In this regular election, the winner was elected for the term beginning March 4, 1861.

This election involved a Class 3 seat.

| State | Incumbent |  |  | Results | Candidates |
| Senator | Party | Electoral history |
| Kentucky (Class 3) | John J. Crittenden | American | 1816 1819 (resigned) 1835 1841 (retired) 1842 (appointed) 1842 or 1843 (special) 1843 1848 (resigned) 1854 | Incumbent retired. Winner elected December 12, 1859, far in advance of the term. Winner wasn't seated until term began March 4, 1861. Democratic gain. | ▌ John C. Breckinridge (Democratic) [data missing] |

== Illinois ==

Incumbent U.S. Senator Stephen Douglas, a Democrat, defeated a challenge by former U.S. Representative Abraham Lincoln, the Republican nominee. Lincoln, who had been a member of the Whig Party prior to 1856, attacked Douglas for his perceived subservience to the Slave Power, as evidenced by his support for the Kansas-Nebraska Act and the recent Supreme Court ruling in the case of Dred Scott v. Sanford.
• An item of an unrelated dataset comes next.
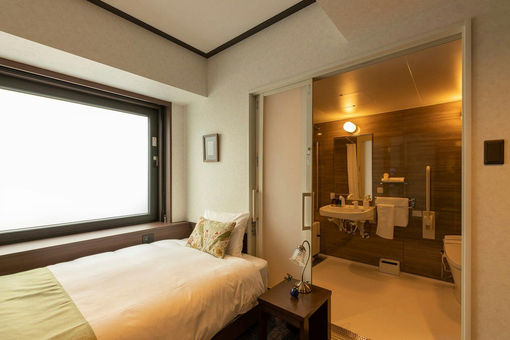 大正ロマンをテーマに、色使いや質感にこだわったレトロモダンな客室です。車椅子をご利用のお客様、ご高齢のお客様など全てのお客様に安全で快適なホテルライフをお過ごしいただけます。幅120cmのシモンズ社製ダブルベッドでゆっくりお休みいただけます。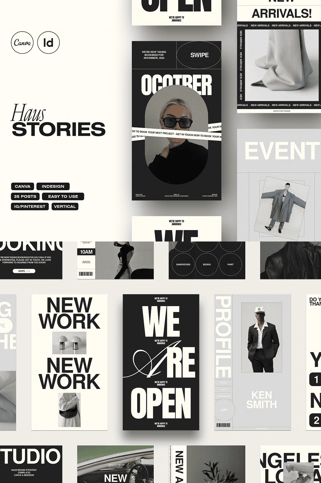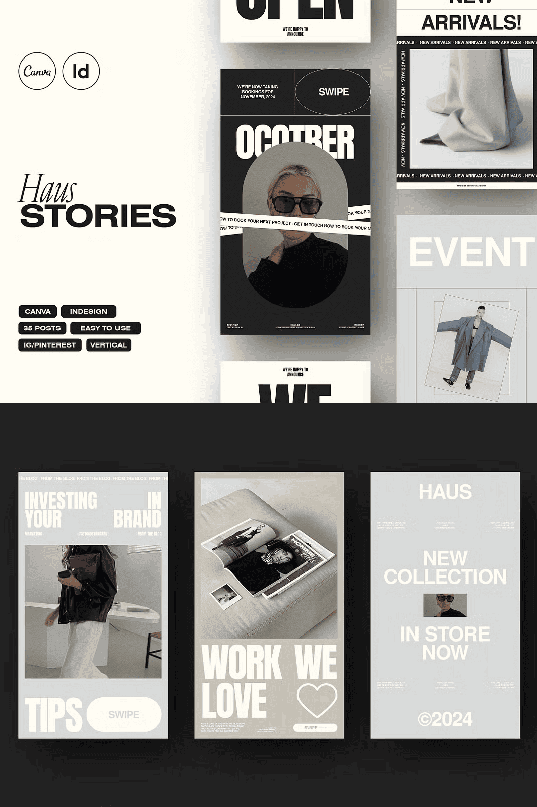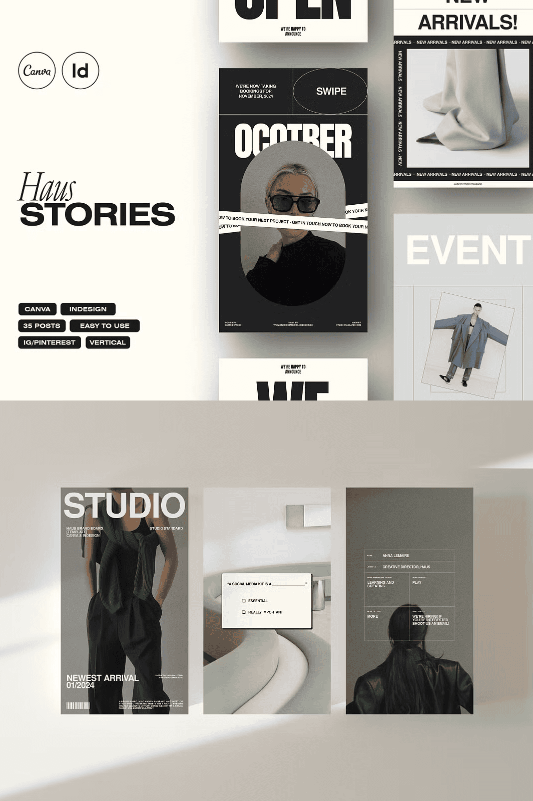Designed with speed and flexibility in mind, the HAUS Stories Kit empowers you to generate visually stunning, brand-consistent stories across Instagram, Facebook, and Pinterest — all in vertical 1080x1920px format. Built for Canva and Adobe InDesign, this kit gives you the freedom to work in your preferred platform while maintaining consistent design quality.

The election was extremely close, hinging on Douglas' ability to appeal to former Whigs who had resisted joining the Republicans following the decline of the Whig party after 1854. In the final weeks of the campaign, Douglas received the coveted endorsement of Kentucky's John J. Crittenden, a prominent former Whig and Douglas' colleague in the Senate. Crittenden's support for Douglas considerably diminished Lincoln's chances of winning the election.
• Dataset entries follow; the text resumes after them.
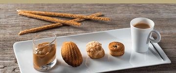 A typical French concept : a cup of coffee with an assortment of 4 mini pastries !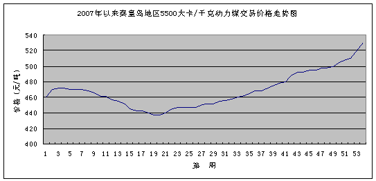 2007年底,秦皇島地區市場動力煤交易價格曾經出現了一輪加速上漲過程,在三、四天的時間內,具有代表性的發熱量5500大卡/千克動力煤的平倉價格上漲了10元/噸,達到510-520元/噸。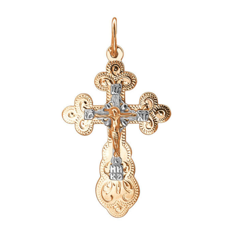Крест нательный из двух цветов золота 585 пробы без вставок 01Р761107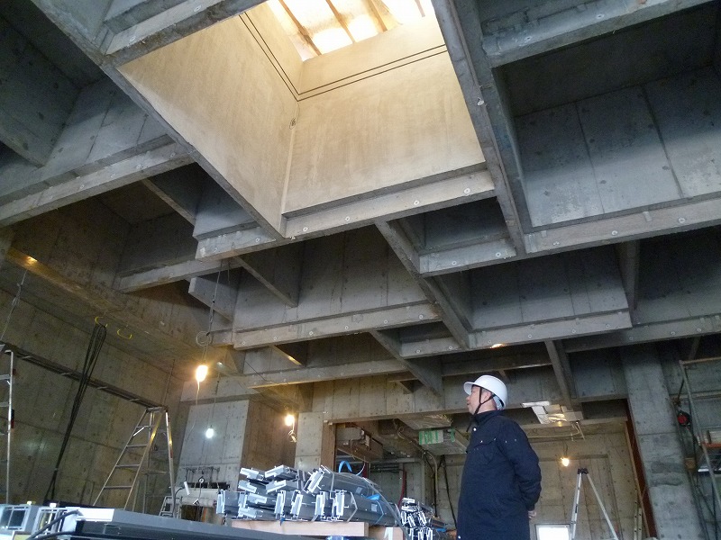 Sセレモニーホール(7) 現場報告 2014年12月06日 RC躯体の養生がはずれ、建物の躯体が全て出来上がりました。4階式場は形状的にこだわって計画しています。 それぞれの幕板が構造的は梁として機能しています。 中央には大きなトップライトがあり、自然光を大きく取り込むことが出来ます。完成が非常に楽しみです。souhei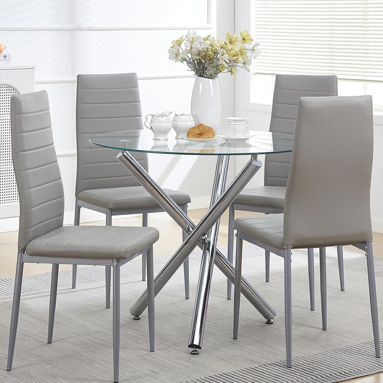 Modern Round Glass Dining Table Set for 4 with Faux Leather Chairs, Compact and Easy to Assemble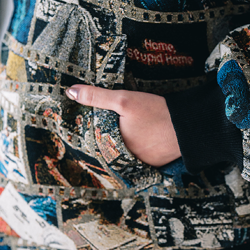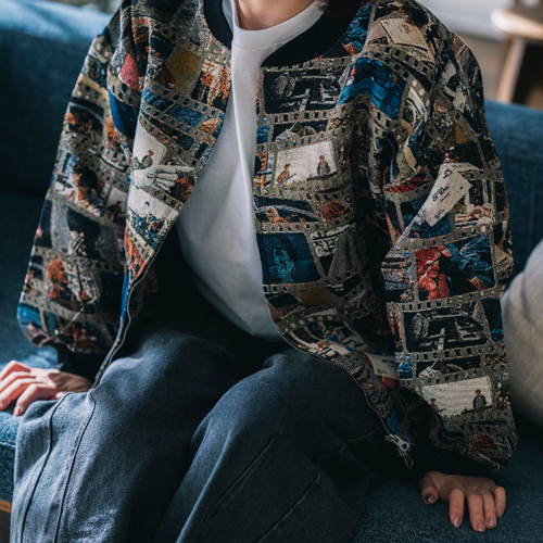 7thアルバム「STARRING」特報映像の印象的なシーンを映画のフィルムのように繋いだデザインで、まさにアルバムテーマ「映画」の世界観を表現したアウター。横糸だけで絵柄を表現する「綴織(つづれおり)」技法で作られたこだわりの1枚です。

On election day, the statewide Republican ticket took 50.6% of the popular vote, outpolling the Democrats by a margin of 3,402 votes. Further down ballot, Republican candidates for the state legislature collectively received 24,094 more votes than the Douglas Democrats. (Buchanan Democrats received almost 10,000 votes, and there were a scattering of votes for write-in candidates.) Despite this, strategically drawn district boundaries produced Democratic majorities in both houses of the state legislature: 40 Democrats and 35 Republicans were elected to the state House of Representatives, while the Democratic margin in the Senate was 14–11. On the day of the election in the Illinois General Assembly, Douglas received 54 votes to Lincoln's 46. The change of just over 300 votes in three state legislative districts from Democrats to Republicans would have been sufficient to deny Democrats a legislative majority and defeat Douglas.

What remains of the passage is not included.